GBM 6118 Imagerie médicale
Modèles de formation d'images établissant les liens physiques entre les caractéristiques des tissus et leur images observées par radiologie, médecine nucléaire, échographie, tomographie axiale, résonance magnétique nucléaire, les problèmes inverses. Remarques: Cours donné à l'Université de Montréal. L'étudiant de l'École Polytechnique doit s'inscrire par Autorisation d'études hors établissement (entente CRÉPUQ).
Bloc 71G Cours complémentaires
Option - Maximum 14 crédits.BCM 6071 Signalisation et cycle cellulaire
Cycle cellulaire chez la levure et les eucaryotes supérieurs. Apoptose et mort cellulaire. Signalisation et cycle cellulaire. Intégration des voies de signalisation. Interactions protéines-protéines dans la signalisation.
BCM 6100 Biologie du développement
Mécanismes moléculaires gouvernant le développement des eucaryotes supérieurs : détermination, établissement des axes embryonnaires, différenciation, contrôle de l'expression des gènes. Aspects moléculaires du développement du système nerveux.
BIN 60051 Communication scientifique 1.1
Présentation orale et écrite par l'étudiant de son projet de recherche ou de stage : la littérature scientifique pertinente, la problématique et les méthodes envisagées. Participation aux séminaires des autres étudiants.
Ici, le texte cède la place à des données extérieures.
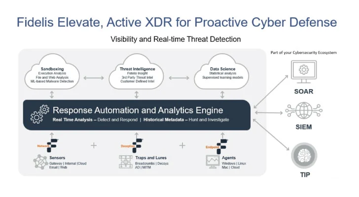 Fidelis NDR maakt gebruik van veel functies op het hele platform om realtime detectie en respons te realiseren. Deep Session Inspection (DSI) en decodering, Deep Packet Inspection (DPI), Antivirusdetectie (AV) en DNS-protocolafwijkingsdetectie op netwerk- en mailsensoren bieden een veelzijdige benadering van netwerkgebaseerde detectie. Op gebeurtenissen en sequenties gebaseerde detecties, evenals anomaliedetecties, worden uitgevoerd met behulp van de Fidelis Collector, een realtime database van alle gedecodeerde sessie- en objectmetagegevens die worden verzameld terwijl deze het netwerk doorkruist. Bovendien detecteert Fidelis Endpoint kwaadaardige objecten, verkeersstromen en gedrag op eindpunten als er een agent is geïnstalleerd.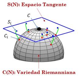 Fig. 3 Espacio tangente de una matriz de covarianza C, la cual pertenece a la variedad Riemanniana C(N). Si es la proyección de Ci en el espacio tangente de C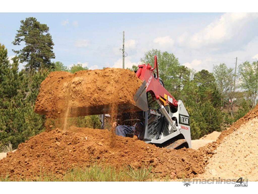The Takeuchi TL6R Track Loader features open canopy, a radial lift loader design and meets all current emission standards. With a height of 6 ft 5.8 in and a width of just over 5 ft the dimensions of the TL6R Track Loader allow it to excel on job sites that may have height and width restrictions. This Takeuchi track loader comes with a newly designed cabin with an overhead 5.7" color multi-informational display and backlit rocker switches that control a variety of machine functions. The Takeuchi TL6R comes standard with a quiet track design with flotation pads that reduces vibration, noise levels, and improves ride quality.

BIN 60052 Communication scientifique 1.2
Présentation orale et écrite par l'étudiant de son projet de recherche ou de stage : la littérature scientifique pertinente, la problématique et les méthodes envisagées. Participation aux séminaires des autres étudiants.
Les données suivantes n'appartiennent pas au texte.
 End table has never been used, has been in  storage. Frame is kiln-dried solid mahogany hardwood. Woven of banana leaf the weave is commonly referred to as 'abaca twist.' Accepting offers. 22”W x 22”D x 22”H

IFT 6150 Traitements d'images
Échantillonnage. Opérations sur les images. Amélioration. Restauration. Compression. Réalisation d'un projet appliqué.
IFT 6255 Recherche d'information
Principe de la recherche d'information. Sélection des documents pertinents. Modèles booléen, vectoriel, probabiliste, logique. Réalisation. Évaluation des performances. Analyses linguistiques, syntaxiques et sémantiques.
IFT 6285 Traitement automatique des langues naturelles
Introduction aux problématiques de base du traitement des langues naturelles (modélisation de la langue, étiquetage de séquences de mots, analyse grammaticale) et à ses applications (traduction automatique, extraction d'information, etc.).
IFT 6370 Informatique théorique
Modèles du calcul. Calculabilité et décidabilité. Complexité. Hiérarchies. Complétudes. Sujets choisis.
IFT 6575 Méthodes de recherche opérationnelle
Programmation linéaire. Programmation en nombres entiers. Programmation non linéaire. Programmation dynamique. Modèles stochastiques. Simulation.
PHY 6940 Biophysique
Propriétés et fonctions des canaux ioniques dans les membranes cellulaires. Remarques: Ce cours s'adresse en particulier aux étudiants en biophysique, biologie, physiologie et génie biomédical.
Bloc 71H
Choix - Maximum 4 crédits.Bloc 71I Stage
Obligatoire - 22 crédits.BIN 6007 Stages avec rapport
Le stage sera effectué au sein d'une équipe de professionnels oeuvrant dans un laboratoire académique, hospitalier, gouvernemental ou en milieu industriel (ou dans tout autre milieu approuvé par le responsable) Remarques: L'étudiant participera à un projet de recherche où il mettra en application les notions et pratiques enseignées.